As the daughter of astronomer and educator Carl Sagan and writer/producer of “Cosmos” and Contact, Ann Druyan, Sasha Sagan was taught from an early age about the power of science. “Science is a source of not just information, but awe, and even joy,” Sagan tells Thrive.
She has worked as a television producer, filmmaker, and editor. Now, Sagan has written For Small Creatures Such As We: Rituals for Finding Meaning in Our Unlikely World, a book about finding meaning and connection.
Sagan shares how she stays focused, and how to stay connected with the people who are meaningful to you.
Thrive Global: What’s the first thing you do when you get out of bed?
Sasha Sagan: Thank my sweet husband for bringing me a cup of coffee.
TG: What gives you energy?
SS: Lively conversations, great and bustling cities, packing for an exciting trip, parties, and progress.
TG: Tell us how you view the connection between spirituality and well-being.
SS: Asking ourselves deep, philosophical questions is sometimes very hard, but I think facing ourselves, our mortality, and our reality can help bring us a little closer to how we might hope to be, and provide a real sense of wholeness in our lives.
TG: What’s your secret life hack?
SS: Audiobooks. I love to read but there’s so little time in my life when I can just sit quietly with a book. Audiobooks let me learn, research, and get inspired while I fold laundry or run errands.
TG: What are some of your traditions?
SS: We have lots! Two favorites I write about in my book are our secular Passover Seder each spring, and our weekly singing of the Alphabet song, as prescribed by an unforgettable D.C. cab driver.
TG: What are some of the main lessons you hope your daughter learns from you and your husband as she grows?
SS: Even though life is finite, being here, right now is profound and wonderful and very lucky.
TG: How do you deal with email?
SS: I set it so my phone only pings if the email is from a handful of work contacts. I delete what I don’t need as soon as I see it.
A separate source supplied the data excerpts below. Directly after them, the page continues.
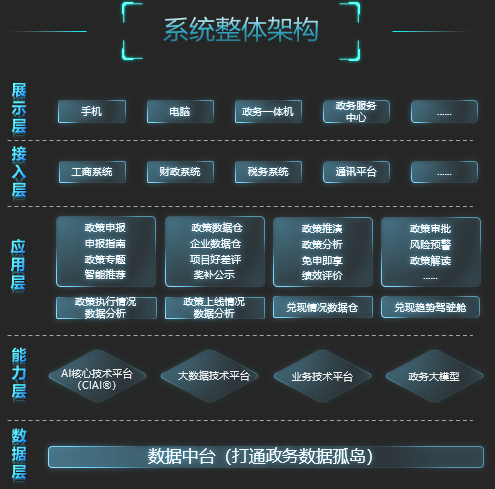 落地政务领域的具体应用,升级后的系统可实现政策执行情况数据分析、政策上线情况数据分析、兑现情况数据仓以及兑现趋势驾驶舱等,并且接入工商系统、财政系统、税务系统与通讯平台,最终展示于手机、电脑、政务一体机、政务服务中心等多元终端,充分发挥政策兑现的数智力量。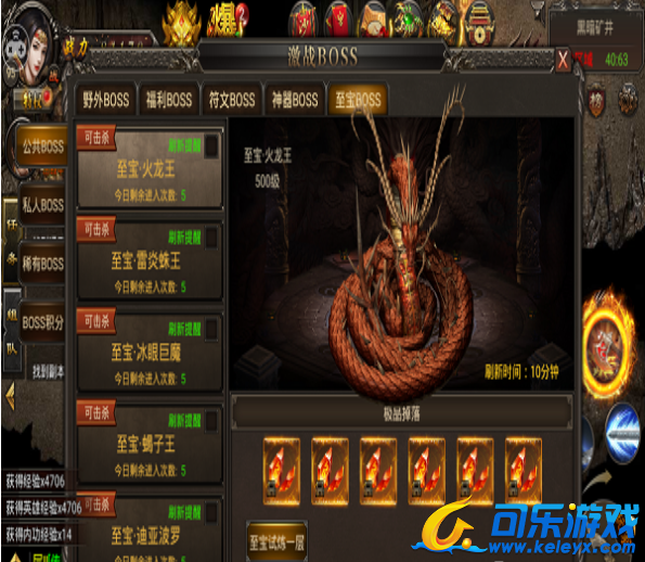 玩家点击激战BOSS按钮即可找到至宝BOSS界面,有至宝火龙王、至宝蝎子王、至宝灭世屠夫、至宝雷炎蛛王、至宝冰眼巨魔等。这些BOSS刷新时间和地点不一样,你可以看到当前你能击杀的BOSS,每个BOSS玩家都可以挑战5次。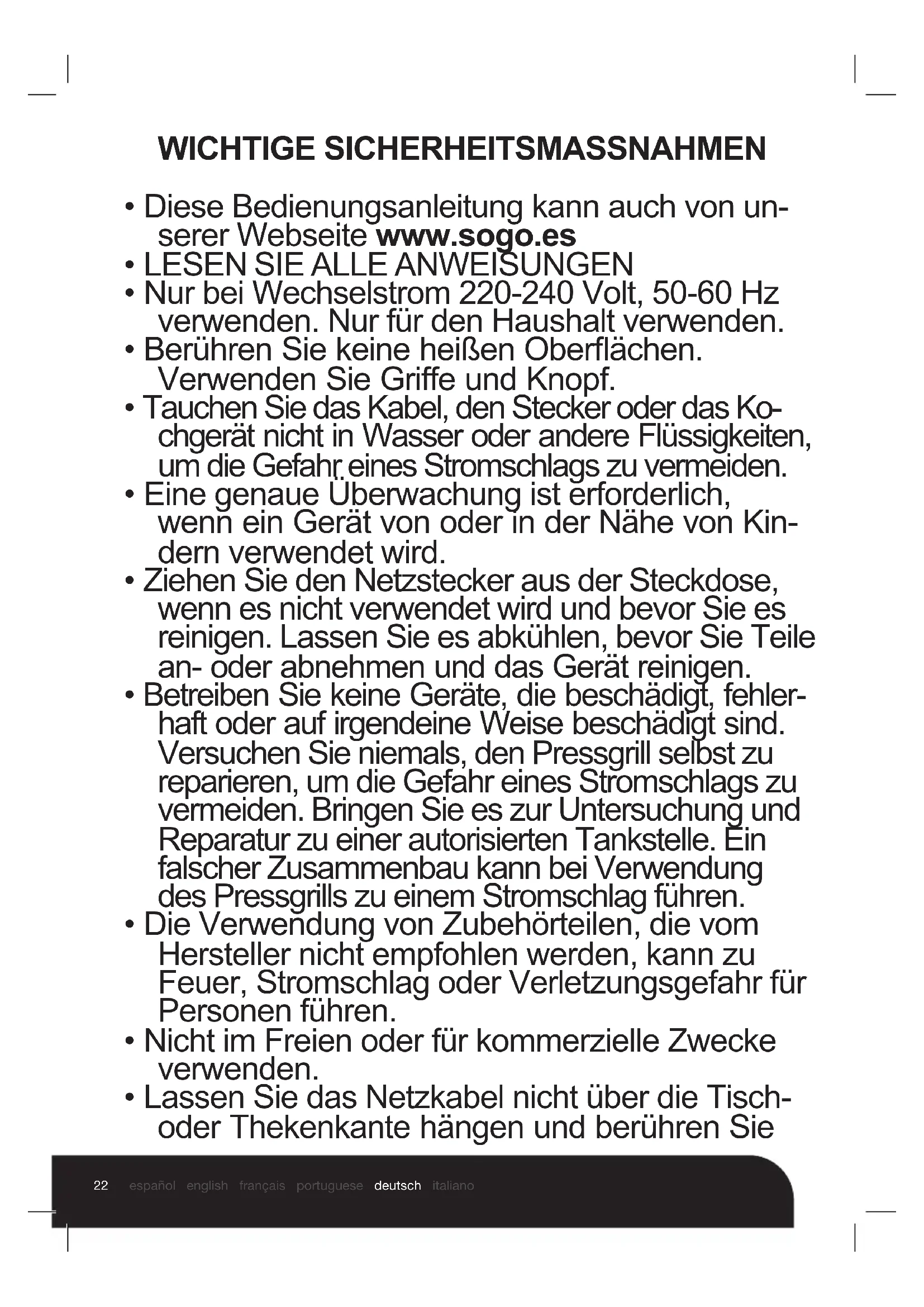 - Diese Bedienungsanleitung kann auch von un- serer Webseite www.sogo.es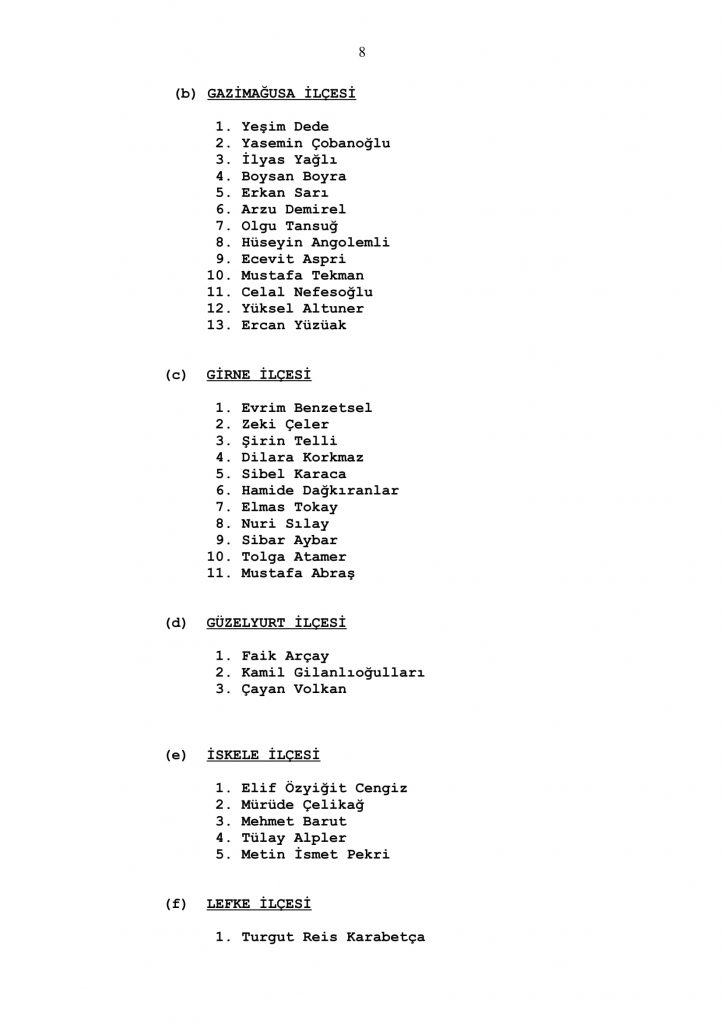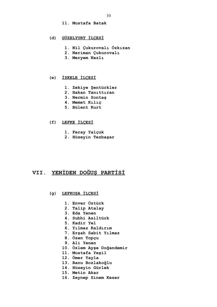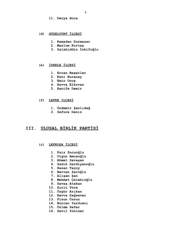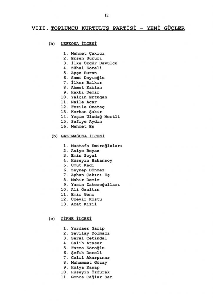 50 sandalyeden oluşan Cumhuriyet Meclisi için ilçelerin çıkaracağı milletvekili sayısı Lefkoşa 16, Gazimağusa 13, Girne 11, İskele 5, Güzelyurt 3 ve Lefke 2 olarak belirlenmişti.

I star what I need to come back to later. It’s not a perfect system. I frequently take far too long to reply to people and I’m sorry!
TG: What was one of the most important lessons your father taught you?
SS: It matters what’s true.
TG: When was the last time you felt burned out and why?
SS: My book tour ended right as we were gearing up for the holidays. I felt a bit overwhelmed coming off of so much travel and excitement straight into shopping, wrapping, and preparing, but I kept thinking “I’ve written this whole book about celebrations, I can’t half-a*s it!”
TG: When was the last time you felt you failed and how did you overcome it?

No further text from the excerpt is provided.